LearningAgents: Negative reward weights and scales (incorrect Assert)

berriers · October 1, 2023, 5:06pm

I am finding that I cannot assign a negative weight to some rewards without triggering an assert in the LearningRewardObject file. My hope is that I could use rewards as penalties simply by giving them a negative weight (but perhaps this is not a good idea and the assert is protecting me from that?)

However, digging through the LearningAgentsRewards code, I see some mixing and possibly bugs of Scale vs. Weight variables. The reward functions like ScalarSimilarityReward, ScalarPositionSimilarityReward, etc., should all assert when Scale is non-positive, but they are sometimes asserting when Weight is non-positive (at least, for what was called weight when I supplied it back when I setup the reward).

Here’s my specific situation:

float PositionSimilarityReward(
	const FVector Position0, const FVector Position1, const float Scale,
	const float Threshold, const float Weight, const float Epsilon
) {
	UE_LEARNING_ARRAY_VALUE_CHECK(Scale > 0.0f);
	return Weight * DistanceToReward(FMath::Max(FVector::Distance(Position0, Position1) - Threshold, 0.0f) / FMath::Max(Scale, Epsilon));
}

The UE_LEARNING_ARRAY_VALUE_CHECK will assert on a non-positive Scale. Weight is a different variable here and it is not checked so, I should be able to set Weight negative to make this a penalty instead of a reward.

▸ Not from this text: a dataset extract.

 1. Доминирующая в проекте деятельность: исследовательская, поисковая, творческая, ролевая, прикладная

In my code I am doing the following:

AgentProximityPenalty = UPositionArraySimilarityReward::AddPositionArraySimilarityReward(this,
	"AgentProximityPenalty", AgentProximityCount, 100.0f, -0.25
);

I’m trying to use the Position Array Similarity Reward as a penalty instead by assigning a Weight of -0.25 while Scale (in this context) is still the default of 100.0f.

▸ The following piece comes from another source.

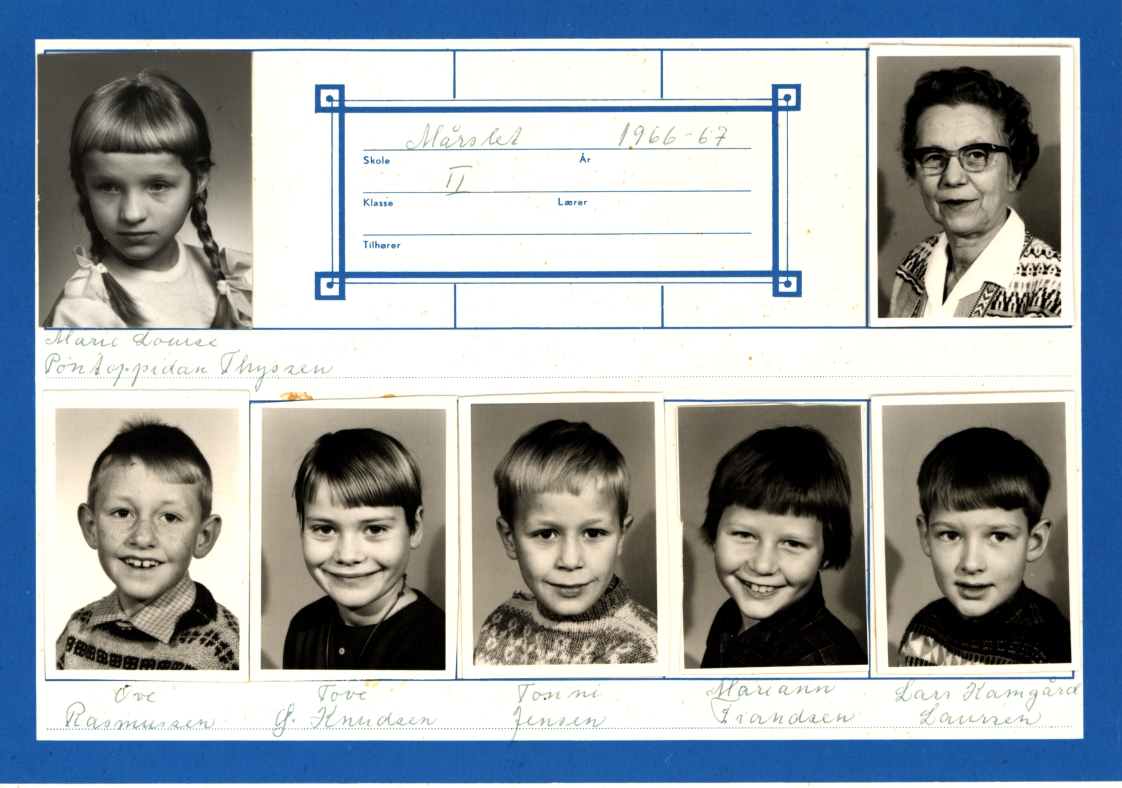 | 2. klasse MÅRSLET SKOLE 1966. Ark 1. Øverst fra venstre: - Annette Andersen - Lars Schmidt - Kathe Rasmuussen - Per Bech Thygesen - Tove Nielsen - Henrik Madsen - Kirsten Dybvad Larsen - Søren Schmidt - Lisbeth Jensen - Rene Egholm Ark 2. Øverst fra venstre: - Marie Louise Pontoppidan Thyssen - Lærerinde Johanne K. Nielsen - Ove Rasmussen - Tove S. Knudsen - Tonni Jensen - Mariann Frandsen - Lars Kamgaard Laursen Ark 3. Øverst fra venstre: - Inger Marie Kristensen - Carsten Pedersen - Bente Tornbjerg - Jens Peter Sørensen - Hanne Pedersen - Peter Dall - Niels Borgbjerg - Svend Åge Jensen - Mads Kjær - | |

When I do this, it triggers the above assert. I can’t quite unravel all the templates and macros to figure out where Weight and Scale became swapped (or even confirm that is what is happening) but really, the assert should only be triggering if the SCALE is negative, not the weight. So somewhere, the value of weight seems to have become scale (and I don’t think that is intended).

It might be time for me to get this building from source and see if I can definitively diagnose and fix this! Then I could point you to a pull request or something and you could probably more easily tell me if I’m crazy, but for now, wanted to document this here.

berriers · October 1, 2023, 5:12pm

Okay, well it just occured to me that I can work around this by swapping the input values for ‘Weight’ and ‘Scale’ (which seems harmless enough) and I did that and now the assert is not happening. I still think there’s a bug here, but that’s a workaround for anyone else!

No idea if it will still train correctly. I’ll let you know.

anorangeduck · October 3, 2023, 5:29pm

Thanks @berriers - this appears to be a bug. The arguments are swapped by UPositionArraySimilarityReward::AddPositionArraySimilarityReward unintentionally. Sorry about that and thanks for the report - we’ll fix it for the next release.

The workaround right now is to swap the arguments like you already have done.